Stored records

--------

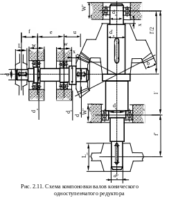 Для коническо-цилиндрического редуктора расстояние между опорами ведущего определяется как и для ведущего вала конического редуктора. Расстояние между опорами ведомого вала равно расстоянию между опорами промежуточного вала (см. рисунок 2.12) и определяется по формуле
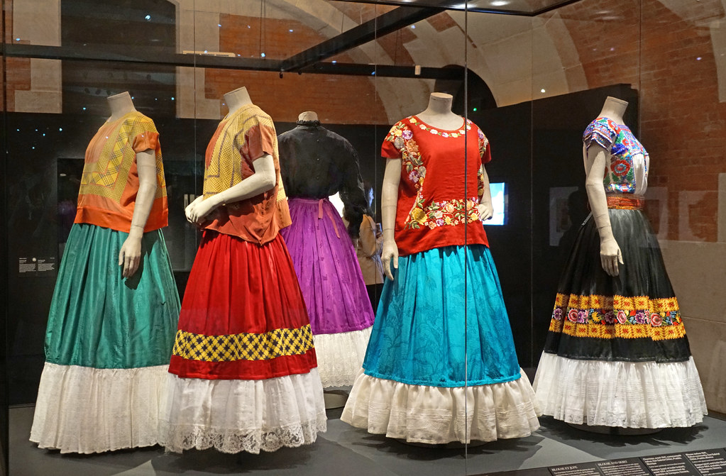Frida Kahlo fue una de las grandes promotoras del arte popular y la cultura mexicana en el siglo XX. La producción artística de Frida es profundamente introspectiva —no solamente autobiográfica— en el que la identidad de las cosas se desborda en cada elemento: los gestos, los colores, los paisajes, los atributos. A lo largo de su vida, Frida Kahlo construyó una imagen propia que proyectaba sus mundos interiores y sus ideales, pero sobre todo, que reconocía que ella misma era un producto de su entorno, asumiendo su mexicanidad como parte inherente de su personalidad.
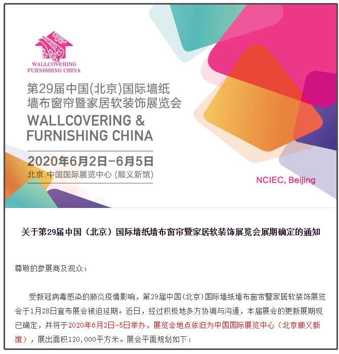 根據北京展會設計搭建公司領藝展覽了解到,受新冠病毒感染的肺炎疫情影響,第29屆中國(北京)國際墻紙墻布窗簾暨家居軟裝飾展覽會于1月28日宣布展會被迫延期。近日,經過積極地多方協調與溝通,本屆展會的更新展期現已確定,并將于2020年6月2日-5日舉辦,展覽會地點依舊為中國國際展覽中心(北京順義新館),展出面積120,000平方米。如需北京展會設計請聯系領藝展覽,希望我們能在北京展會搭建上為您添磚加瓦,祝各位朋友收獲多多,滿載而歸!
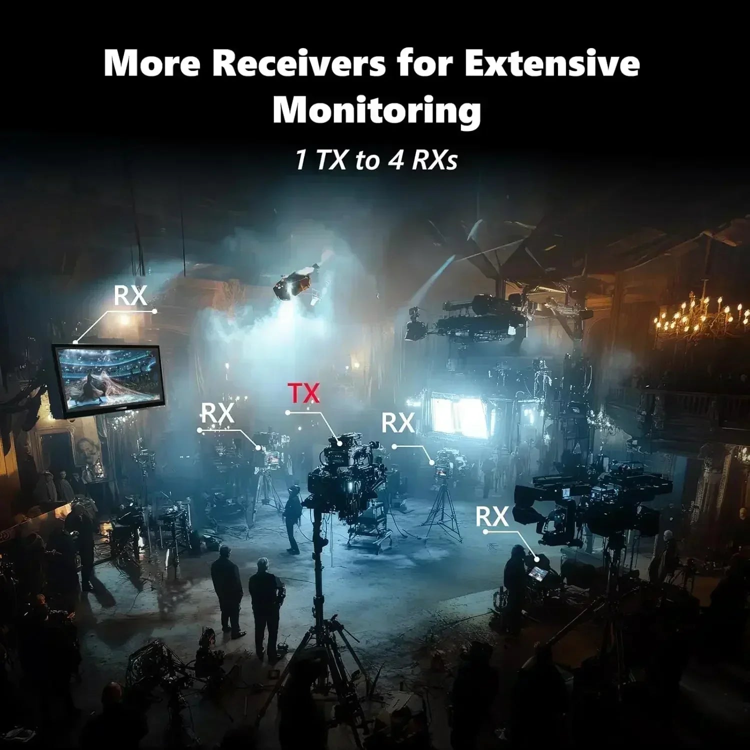 Enhanced with 4K transmission, one transmitterand can match up to four receivers.
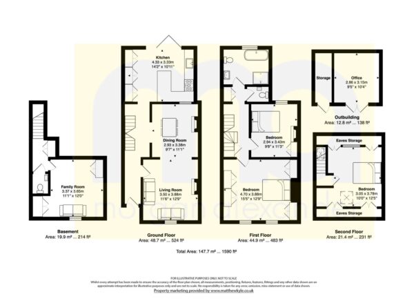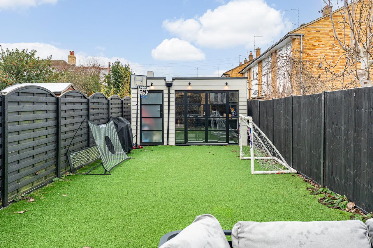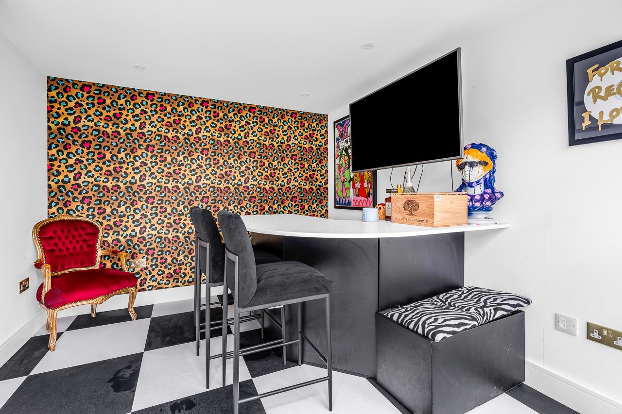 Outside, the rear garden is ideal for family use and outdoor dining, with patio seating, artificial lawn and a substantial outbuilding currently used as a bar, equally suitable as a home office or gym, with additional storage.

--------

Only the lines from the one with "根據北京展會設計搭建公司領藝" through the final line of the entries above should be transcribed, exactly and without pictures.

## Response to the task
 根據北京展會設計搭建公司領藝展覽了解到,受新冠病毒感染的肺炎疫情影響,第29屆中國(北京)國際墻紙墻布窗簾暨家居軟裝飾展覽會于1月28日宣布展會被迫延期。近日,經過積極地多方協調與溝通,本屆展會的更新展期現已確定,并將于2020年6月2日-5日舉辦,展覽會地點依舊為中國國際展覽中心(北京順義新館),展出面積120,000平方米。如需北京展會設計請聯系領藝展覽,希望我們能在北京展會搭建上為您添磚加瓦,祝各位朋友收獲多多,滿載而歸!
 Enhanced with 4K transmission, one transmitterand can match up to four receivers.
 Outside, the rear garden is ideal for family use and outdoor dining, with patio seating, artificial lawn and a substantial outbuilding currently used as a bar, equally suitable as a home office or gym, with additional storage.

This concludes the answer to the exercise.